Data Analysis and Machine Learning
Quantitative imaging parameters were extracted from 52 cortical regions of interest (ROIs) derived from the Harvard-Oxford Brain Atlas. Analysis of covariance (ANCOVA) was employed to evaluate group differences in gray matter volume, standardized uptake value ratios (SUVR), and MD values. Following this, machine learning techniques with cross-validation were used to construct classification models and assess the diagnostic performance of these metrics in distinguishing between different cognitive stages.
Key Findings
Group-Level Analysis for Different Imaging Modalities
- sMRI:
- PDD patients exhibited significant gray matter atrophy, primarily in posterior-parietal cortices (e.g., precuneus, posterior cingulate) and temporal regions.
- In contrast, gray matter changes between PD-MCI and PD-CN groups were minimal and did not reach statistical significance.
- dMRI:
- PDD patients showed widespread increases in MD, particularly in the temporal pole, posterior cingulate, and angular gyrus.
- PD-MCI patients also demonstrated significant abnormalities in the medial temporal lobe’s MD values.
- [18F]FDG PET:
- Both PDD and PD-MCI patients exhibited a characteristic pattern of hypometabolism in posterior-occipital regions.
- This was particularly pronounced in the precuneus and angular gyrus, where the effect sizes for [18F]FDG PET far exceeded those for other modalities.
Comparative Classification Performance
The constructed classification models yielded the following results: - sMRI: - Moderately effective in distinguishing PDD from PD-CN (AUC = 0.77), but showed no diagnostic value in discriminating between PD-MCI and PD-CN (AUC = 0.57). - dMRI: - Performed well in distinguishing PDD from PD-CN (AUC = 0.87), with modest capability for PD-MCI (AUC = 0.71). - [18F]FDG PET: - Showed the best performance among the modalities, with an AUC of 0.89 for PDD classification and 0.78 for PD-MCI classification.
Multimodal Models
Integrating data from multiple modalities (sMRI, dMRI, and [18F]FDG PET) did not significantly outperform models based solely on [18F]FDG PET (AUC = 0.86 vs. 0.89). This suggests that multimodal combinations provide limited additional diagnostic value with the current imaging data.
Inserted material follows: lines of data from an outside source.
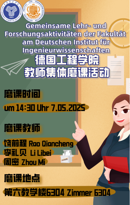 以磨课为刃,雕琢教学细节之美;凭研讨为灯,照亮专业成长征途;于思维交锋间萃取精华,齐心同筑教育发展新高地!德国工程学院2024-2025学年第二学期第十一周教师磨课活动,期待您的参与!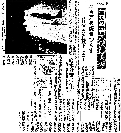 | [1964_06_18_01]震災の新潟 ついに大火 200戸を焼きつくす タンクは猛煙 消火弾投下できず 給水対策に全力 進まぬ信濃川の復旧作業 信越線あす開通 住宅建設、万全に 河野本部長あす現地へ 山形、秋田の被害も広がる(毎日新聞1964年6月18日) |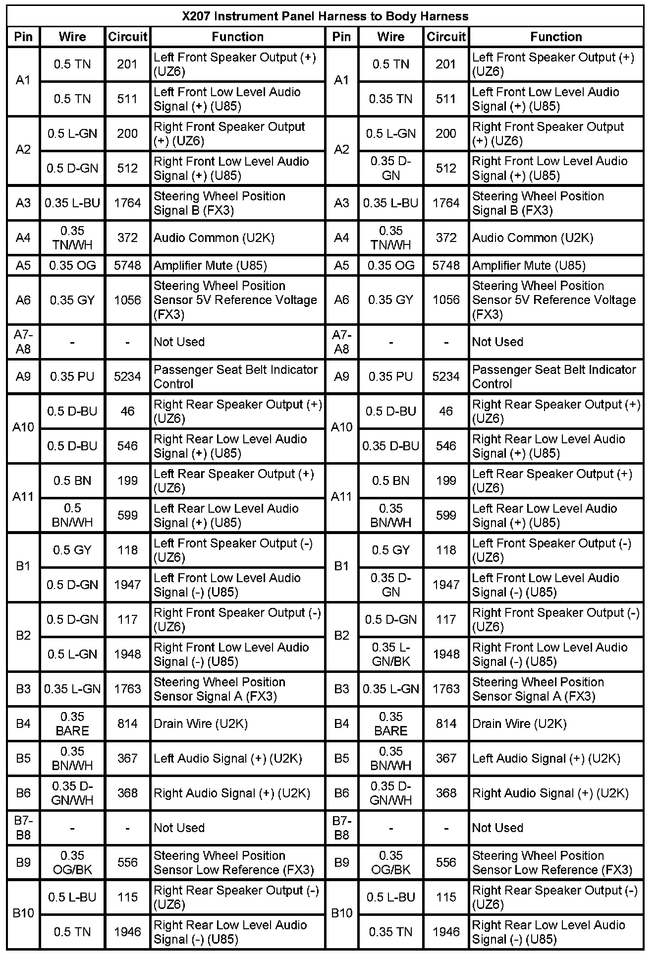 X207 Instrument Panel Harness To Body Harness (Pin A1 To B10):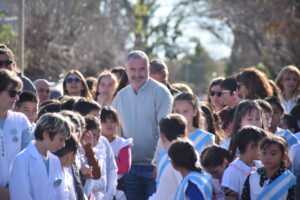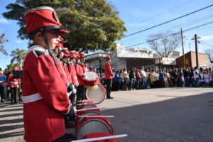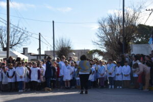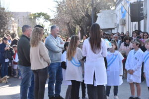Allí estuvo el Intendente Mauro Poletti junto a integrantes de su gabinete, banderas de instituciones educativas y de la sociedad civil. Se contó con la participación de la Banda Popular y actuaron alumnos del nivel inicial y primario.

Research Significance and Implications
This study is the first to systematically compare the performance of [18F]FDG PET with both dMRI and sMRI in detecting cognitive impairment in Parkinson’s Disease. It highlighted [18F]FDG PET as the most sensitive modality for early detection of CI. Additionally, the research underscored the potential of dMRI, particularly when [18F]FDG PET is unavailable, as MD measurements could serve as a clinically effective alternative. Furthermore, the findings suggest that sMRI likely reflects later-stage neurodegenerative changes rather than early microstructural abnormalities.
Notably, the study adopted a machine-learning-based analytical framework to robustly assess diagnostic performance, providing a valuable methodological reference for future large-scale, multicenter neuroimaging research.
This research not only advances the understanding of the pathophysiology of cognitive impairment in Parkinson’s Disease but also provides an evidence-based foundation for the selection of clinical diagnostic tools, thereby promoting the application of precision medicine in this field.